§ Exercise requirements: Every line below should be copied exactly; drop the pictures.

§ Data to examine:

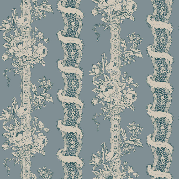 Alexandra is a wallpaper inspired by hand-painted Dominoes from France, dating back to the early 19th century. This wallcovering from Sandberg, from the Le Village collection, features vertically flourishing stripes and upward swirling ribbons that create a sense of height in any space. A feminine wallpaper that is perfect for a charming, classic and romantic interior.
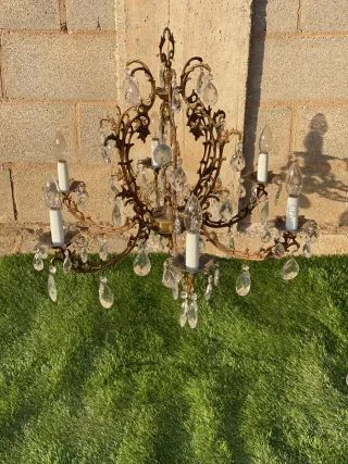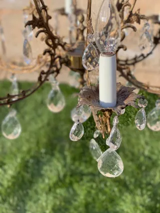 Lámpara de araña clásica de seis luces, fabricada en bronce decorada con colgantes de cristal tallado en forma de gotas y prismas. Diseño elegante de inspiración francesa, con brazos curvados y detalles ornamentales. Ideal para salones, comedores, entradas o estancias con decoración clásica, vintage o señorial. 📦 Posibilidad de envío, consulte por privado. Antigüedades oro bronce plata marfil vajilla museo mueble vintage retro clásico colección Ikea Leroy Merlín decoración estilo barroco rococo laton Arte iluminación relieve piezas forjado fundición historia patrimonio palacio interiorismo joyas artesanía mármol figura ju
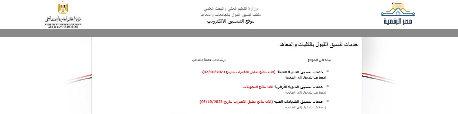 ظهرت نتيجة التحويلات بين الكليات والمعاهد ضمن تقليل الاغتراب 2023 لـ طلاب الثانوية العامة والدبلومات الفنية عبر موقع التنسيق الإلكتروني، وذلك للطلاب الذين لم يستفيدوا سابقًا من تقليل الاغتراب.
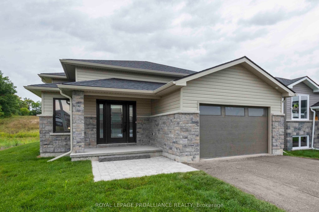 To be-built raised bungalow, ready for 2025 closing! Three bedrooms, 2 baths, open concept living/dining/kitchen. Kitchen features island with seating area, and pantry. Master suite boasts walk-in closet, and private ensuite. Other popular features include main floor laundry room, vaulted ceiling, forced air natural gas furnace, air exchanger for healthy living. Carpet free through out. Exterior complete with deck from large patio doors, attached garage with inside entry, sodded, paved driveway, walk way. Lower level awaits your finish or leave as storage. Situated on a quiet street with a park, and walking trail and ATV trail nearby. 15 minutes or less to 401, Trenton, and YMCA.
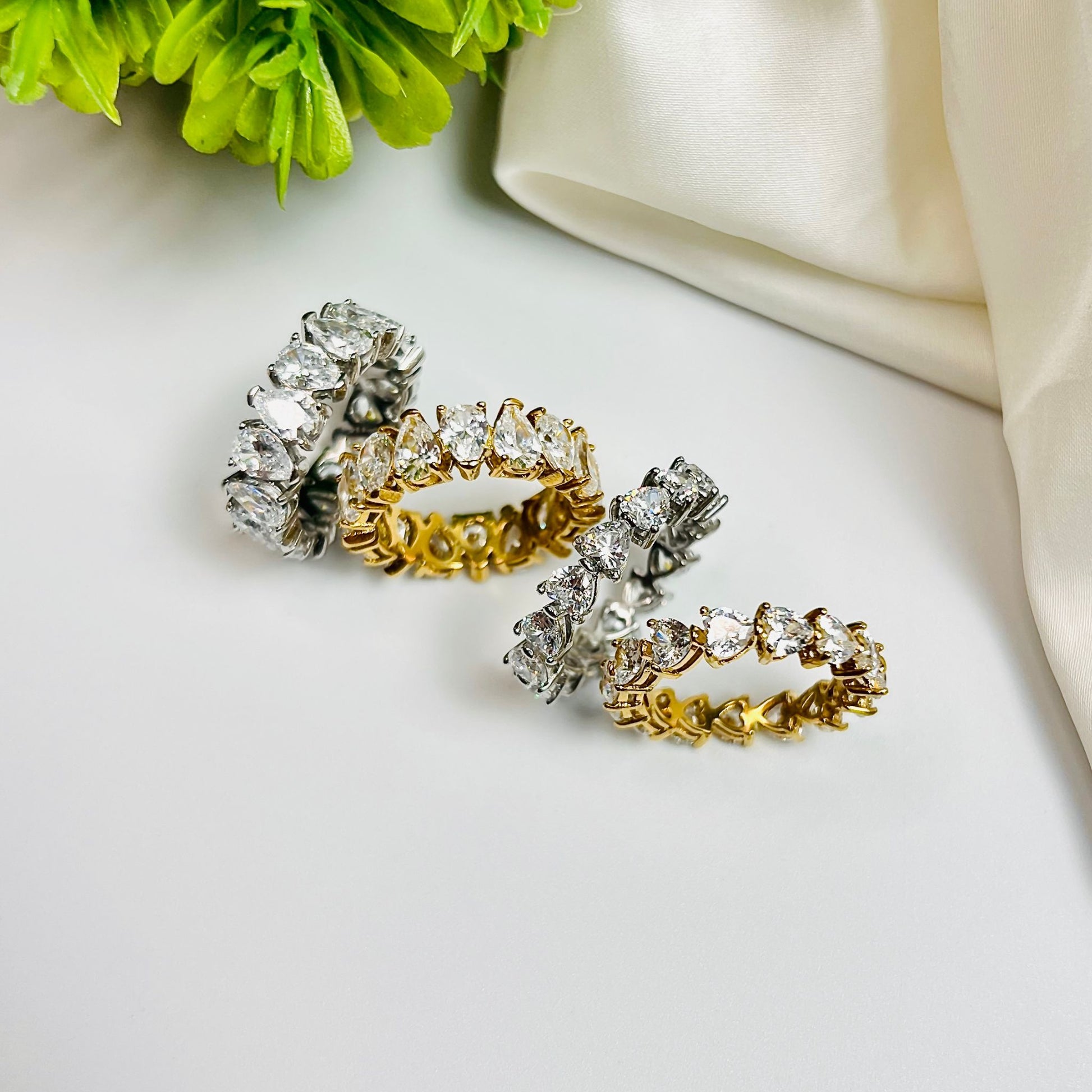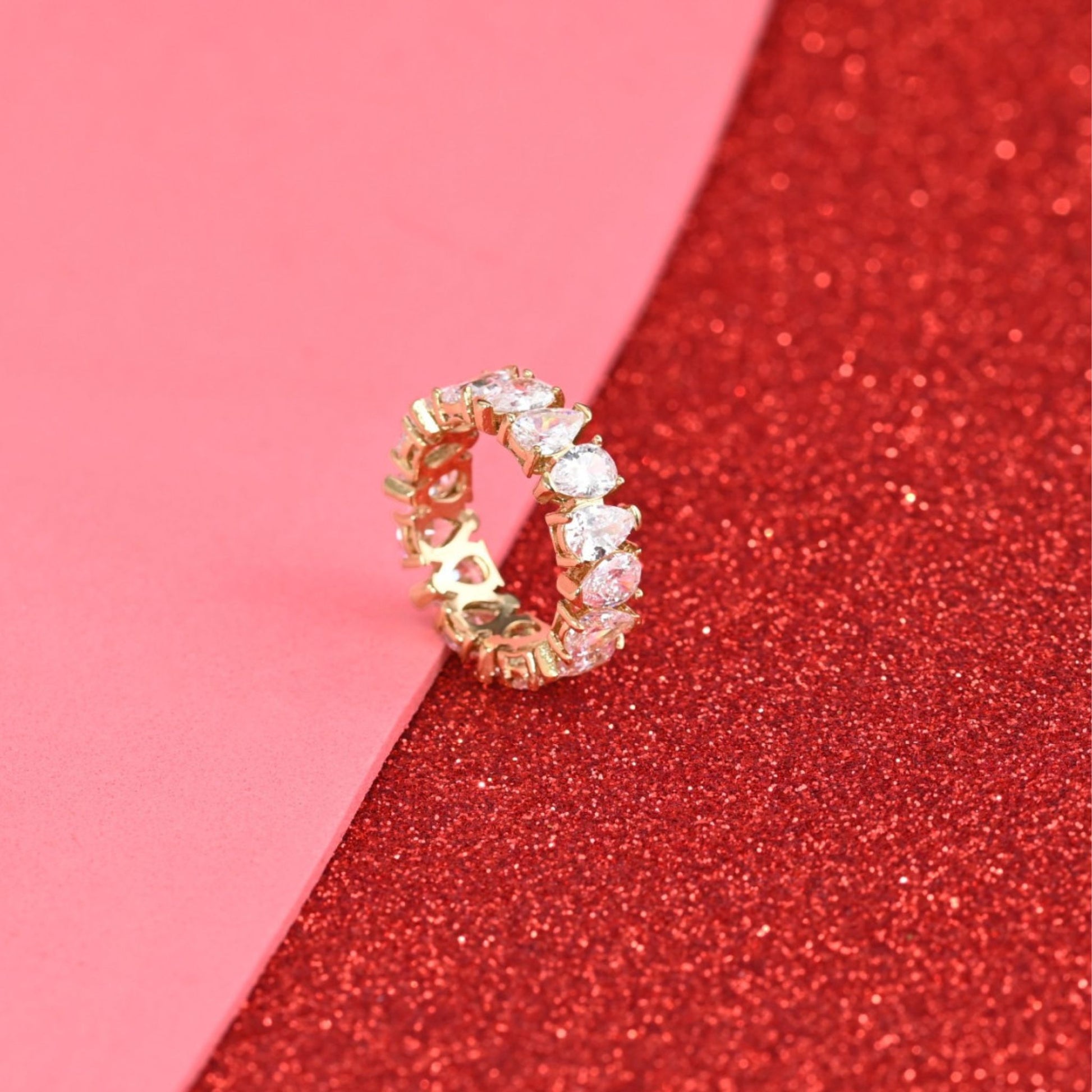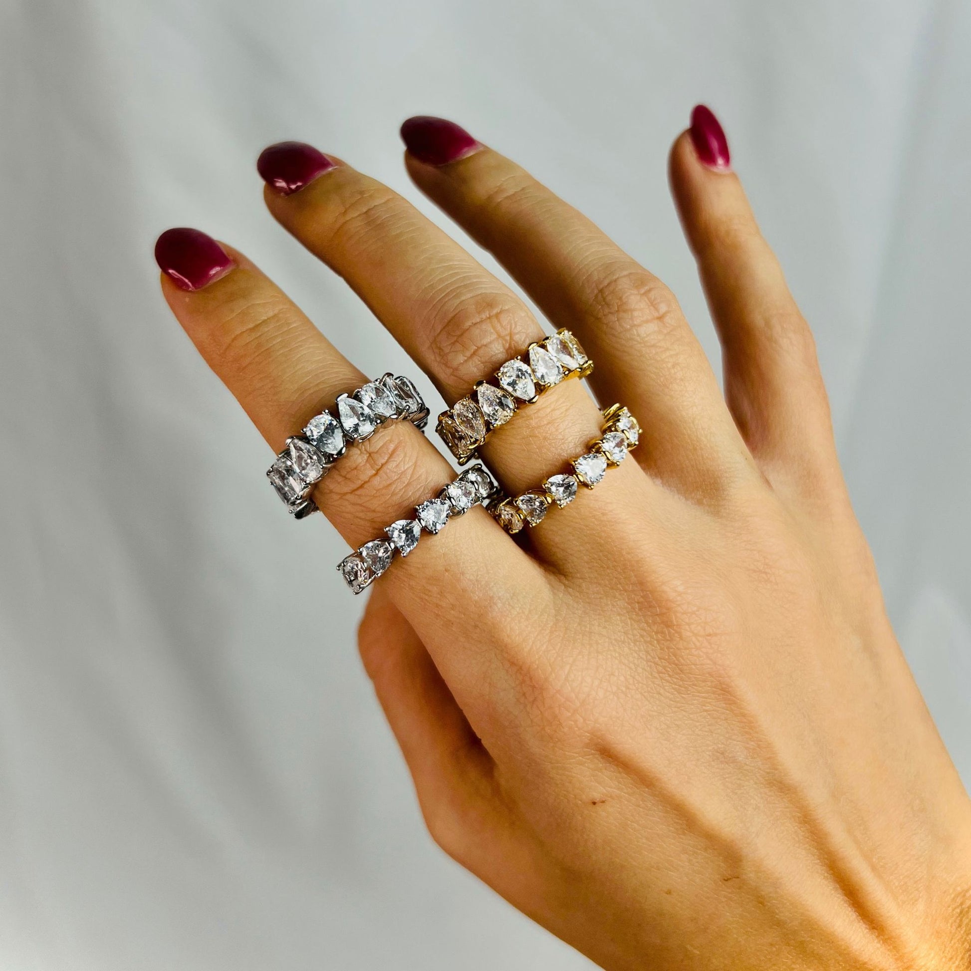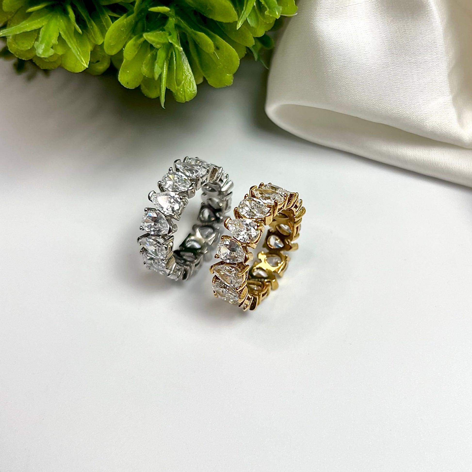 VALENTINA | Anel com Zircônias em Formato de Lágrima em Aço Inoxidável

§ Answer box:
 Alexandra is a wallpaper inspired by hand-painted Dominoes from France, dating back to the early 19th century. This wallcovering from Sandberg, from the Le Village collection, features vertically flourishing stripes and upward swirling ribbons that create a sense of height in any space. A feminine wallpaper that is perfect for a charming, classic and romantic interior.
 Lámpara de araña clásica de seis luces, fabricada en bronce decorada con colgantes de cristal tallado en forma de gotas y prismas. Diseño elegante de inspiración francesa, con brazos curvados y detalles ornamentales. Ideal para salones, comedores, entradas o estancias con decoración clásica, vintage o señorial. 📦 Posibilidad de envío, consulte por privado. Antigüedades oro bronce plata marfil vajilla museo mueble vintage retro clásico colección Ikea Leroy Merlín decoración estilo barroco rococo laton Arte iluminación relieve piezas forjado fundición historia patrimonio palacio interiorismo joyas artesanía mármol figura ju
 ظهرت نتيجة التحويلات بين الكليات والمعاهد ضمن تقليل الاغتراب 2023 لـ طلاب الثانوية العامة والدبلومات الفنية عبر موقع التنسيق الإلكتروني، وذلك للطلاب الذين لم يستفيدوا سابقًا من تقليل الاغتراب.
 To be-built raised bungalow, ready for 2025 closing! Three bedrooms, 2 baths, open concept living/dining/kitchen. Kitchen features island with seating area, and pantry. Master suite boasts walk-in closet, and private ensuite. Other popular features include main floor laundry room, vaulted ceiling, forced air natural gas furnace, air exchanger for healthy living. Carpet free through out. Exterior complete with deck from large patio doors, attached garage with inside entry, sodded, paved driveway, walk way. Lower level awaits your finish or leave as storage. Situated on a quiet street with a park, and walking trail and ATV trail nearby. 15 minutes or less to 401, Trenton, and YMCA.
 VALENTINA | Anel com Zircônias em Formato de Lágrima em Aço Inoxidável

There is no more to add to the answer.